Andrea Palladio his life and legacy

Above: Model of the church of the Redentore, Venice, 1972. Lime and beechwood with bisque details, 152 x 241 x 87 cm [Photo Alberto Carolo, from The Royal Academy collection]

The Royal Academy, London UK
Until 13 April, daily 10am to 6pm (Fri to 10pm), £9

The Royal Academy is the setting for an exhibition dedicated to 16th century Italian architect Andrea Palladio. This is the first exhibition devoted to Andrea Palladio (1508–1580) to be held in London for over 30 years and celebrates the quincentenary of his birth. Coming back from his Grand Tour of Venice and the Veneto in 1717, Lord Burlington set about having his Piccadilly mansion remodelled in the new style and, with its unveiling, instantly started a trend. Where even the most modest terrace could boast its set of white pilasters, until the revival of Victorian Gothic.

It is hard to doubt that Palladio really was an important and influential architect. Studying the architecture of classical Rome, he set about creating a system of design based on rigorous, mathematical principles and his numerous country villas, such as the Rotunda, astonished those who marvelled at their perfect proportions.
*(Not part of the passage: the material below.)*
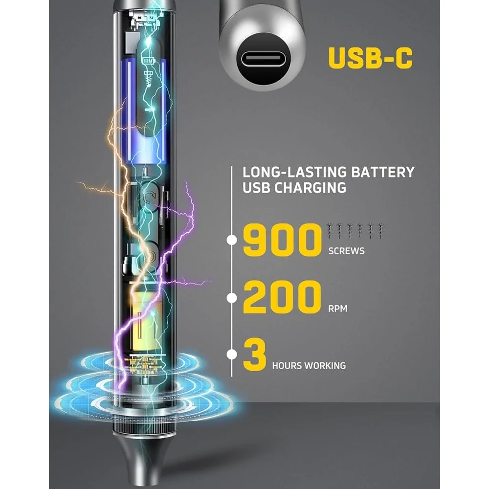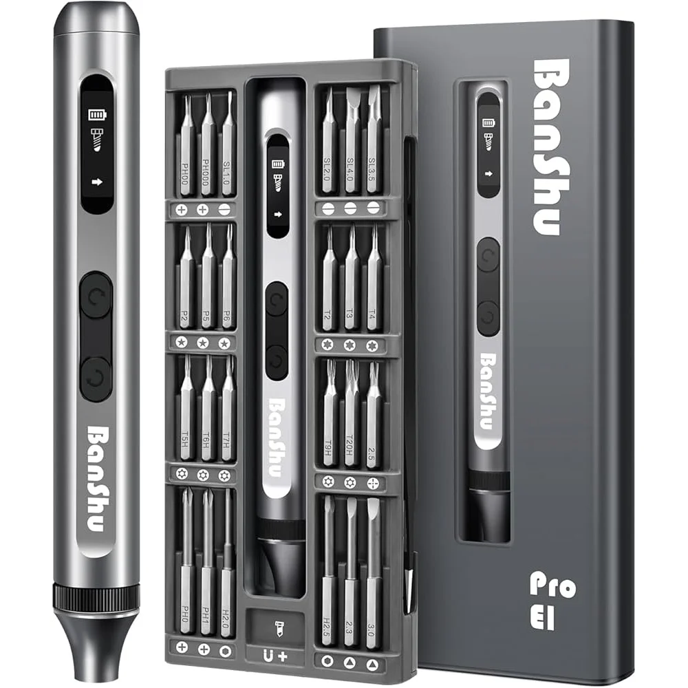 Portability: This mini electric screwdriver set, 0. 936 lb, overall size equivalent to an iphone13. All the accessories are in a box. Lightweight and compact design, easy to put in your pocket or backpack out. Screwdriver pen and aluminum case surface anodized, sweat-resistant and corrosion-resistant. The pen shape using ergonomic design, easy to grip. The frosted aluminum box is highly textured, giving you a delicate touch.

Palladio was not only one of the greatest Italian architects; he was also a practitioner whose work has continued to resonate down five centuries. Active in Vicenza, Venice and the Veneto region, he crafted a new architectural language derived from classical sources yet shaped to fulfil the functional demands and aesthetic aspirations of his own age. His impressive oeuvre includes public buildings and churches. It was, however, his town palaces and country villas that influenced subsequent generations of European and American architects. Large-scale models, computer animations, original drawings, books and paintings present the full range of this exceptional architect’s output and his legacy, demonstrating why Palladio’s name has been synonymous with architecture for 500 years.